VII

El sha Mohamed estaba en Balj, en las montañas de Afganistán, cuando supo que los oerlok, con sus tropas, habían atravesado el Amu-Daria. Supo también que no saqueaban ni incendiaban, sino que tan sólo exigían alimentos para ellos y forraje para sus caballos, y que lo único que deseaban era capturarle.

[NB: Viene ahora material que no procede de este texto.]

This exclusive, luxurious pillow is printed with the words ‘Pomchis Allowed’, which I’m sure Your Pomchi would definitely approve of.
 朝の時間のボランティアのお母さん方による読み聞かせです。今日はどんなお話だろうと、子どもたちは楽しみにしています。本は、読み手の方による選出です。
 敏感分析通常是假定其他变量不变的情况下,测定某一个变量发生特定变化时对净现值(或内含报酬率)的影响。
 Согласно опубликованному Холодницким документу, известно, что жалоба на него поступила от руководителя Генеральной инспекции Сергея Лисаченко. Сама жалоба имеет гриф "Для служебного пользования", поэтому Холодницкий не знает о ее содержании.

Conocía lo hábiles y tenaces que eran cuando se trataba de perseguir a alguien. Exceptuando su guardia personal, no tenía ningún ejército para protegerle. Hacía muy poco tiempo que Afganistán pertenecía a su reino e ignoraba si se podía fiar de la fidelidad de los príncipes montañeses; así pues, huyó hacia el oeste, en dirección a Chorassan, una provincia densamente poblada, que pertenecía a su padre. En el camino conminó a las poblaciones de los lugares no defendidos para que abandonasen sus viviendas, asegurándoles que los mongoles lo incendiaban todo a su paso, sin respetar nada; los exhortó a que defendiesen las fortalezas con su vida.

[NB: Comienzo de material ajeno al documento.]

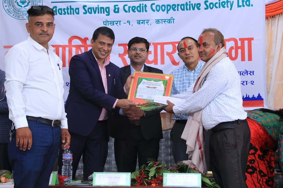 पोखरा, ६ असोज । आस्था बचत तथा ऋण सहकारी संस्था लि. पोखरा १, बगरको पन्धौँ वार्षिक साधारण सभा सोमबार सम्पन्न भएको छ । साधारण सभा उद्घाटन् गर्दै प्रमुख अतिथिको रुपमा रहेका आस्था साकोसकै सल्लाहकार डा. गंगादत्त सुवेदीले नेपाली अर्थतन्त्रमा सहकारीको अहम् भूमिका भएको र आस्था साकोसले कास्कीको सहकारी अभियानमा अग्रणी भुमिका निर्वाह गरेको बताउनुभयो । अव हरेक नागरिक उत्पादनसँग जोडिनुपर्ने, देशलाई कृषि प्रधान मात्र होइन कृषक प्रधान समेत बनाउनुपर्ने, सदस्यहरु केवल साधारण सभामा उपस्थित हुने मात्र होइन पूरा समय बसेर आफ्नो सहकारीका सम्पूर्ण गतिविधिका बारेमा जानकारी लिने, खवरदारी गर्ने, सुझाव दिने आदि कुरामा सजग रहनुपर्ने बताउनुभयो । अहिले नेपालको सहकारी अभियानमा कैयाँै चुनौतीहरु आइपरेको अवस्था रहेपनि आस्था सहकारीले सहकारी ऐन, नियम तथा मापदण्ड पालनामा विशेष ध्यान दिएकोमा निकै खुसी लागेको पनि बताउनुभयो । त्यसै गरी, सल्लाहकार लोकनाथ आचार्यले अहिले सहकारीले नाफा कमाउन सक्ने बेला नभएको र सदस्यले पनि नाफा खोज्ने बेला नभएको तर सवै सदस्य, सञ्चालक र कर्मचारीले निकै सजग भै नीति नियमनमा बसी संस्था बचाउनुपर्ने बेला भएको बताउनुभयो । कार्यक्रममा अध्यक्ष कृष्णप्रसाद आचार्यले अध्यक्षको वार्षिक प्रगति प्रतिवेदन तथा आगामी नीति तथा कार्यक्रम, कोषाध्यक्ष बद्रीराज गौतमले आर्थिक प्रतिवेदन तथा आगामी बजेट र लेखा सुपरीवेक्षण समितिका संयोजक भीमप्रसाद आचार्यले लेखा सुपरीवेक्षण समितिको वार्षिक प्रतिवेदन प्रस्तुत गर्नुभएको थियो । सोही अवसरमा संस्थाका सञ्चालक बसन्त कुमार आचार्यले स्थापना गरेको संस्था प्रवद्र्धन तथा विकास पुरस्कार (१) बाट संस्थाका पुर्व सञ्चालक श्री लक्ष्मी गुरुङ सम्मानीत भएकी छन् भने सदस्य श्री शिवप्रसाद पौडेलले पिता स्व. नारायणप्रसाद पौडेलको स्मृतिमा स्थापित संस्था प्रवद्र्धन तथा विकास पुरस्कार (२) बाट लेखा सुपरीवेक्षण समितिका पूर्व सदस्य श्री गिरधारी तिमिल्सिना, सदस्य गुणराज÷पार्वती आचार्यले स्थापना गरेको जेहेन्दार विद्यार्थी पुरस्कारबाट प्रीती आचार्य, सदस्य घनश्याम आचार्यबाट स्थापित स्व.गुरुप्रसाद आचार्य स्मृति पुरस्कारबाट माध्यमिक शिक्षा उत्तिर्ण विद्यार्थी सदिक्षा बास्तोला सम्मानित भएका थिए । त्यसै गरी, जेष्ठ सदस्यको रुपमा श्री मित्र कुमारी गुरुङ, उत्कृष्ठ कर्मचारीको रुपमा रामप्रसाद शर्मा, उत्कृष्ठ कारोवारीको रुपमा आइबहादुर भन्ने सन्तलाल परियार, वर्ष असल सदस्यको रुपमा शिक्षा उपसमितिकी संयोजक हसिना बस्नेत र सदस्य पुर्ण बहादुर गुरुङ, आस्था उद्यमशीलता पुरस्कारबाट सदस्य श्री सन्तोष प्रधान सम्मानित हुनुभएको थीयो । साधारण स

Los autores persas y árabes se complacen en acusar a Mohamed de haber obrado de forma irreflexiva; no obstante, todas sus órdenes demuestran que seguía un plan preconcebido y bien estudiado. Se atuvo a la misma táctica que Kutusow, seis siglos después, empleó con feliz éxito contra Napoleón: quiso despoblar el país para evitar que los mongoles se abastecieran, no dejarles esclavos que pudieran ayudarlos en los asedios y, al mismo tiempo, detener su avance por medio de fortificaciones, hasta que, más lejos, en el oeste, él, o uno de sus hijos, pudiese reunir un poderoso ejército…

Pero no había estimado en su justo valor la velocidad y fuerza combativa de su enemigo, ni consideró el efecto de la táctica de Gengis Kan, que se esforzaba en separarlo de su pueblo. En Merw, la ciudad de las rosas, se enteró de que Gengis Kan, después de tres días de asedio, se había apoderado de Samarcanda, considerada inexpugnable. La guarnición intentó una salida, pero fue rechazada con sangrientas pérdidas. Al día siguiente, los mongoles establecieron sus trincheras tan cerca de la ciudad que cualquier nueva intentona de salir era imposible y ni siquiera podían emplear elefantes de guerra.

Se repitió el espectáculo de Buchara: el Sheik-ul-Islam, el muftí y los cadís exigieron que se abrieran las puertas de la ciudad. Recordaron al pueblo que, en realidad, Samarcanda era un Chanat independiente y que apenas hacía siete años que Mohamed se había apoderado de ella por medio de una traición, asesinando al kan Osman. También hicieron saber al pueblo que, en Kara-Chitan, Gengis Kan había hecho abrir las mezquitas y protegía a los islámicos. Estalló una revolución. Treinta mil hombres de la guarnición (turcos Chankli) se pasaron a los mongoles; los demás se encerraron en la ciudadela y las puertas de la ciudad se abrieron a los conquistadores.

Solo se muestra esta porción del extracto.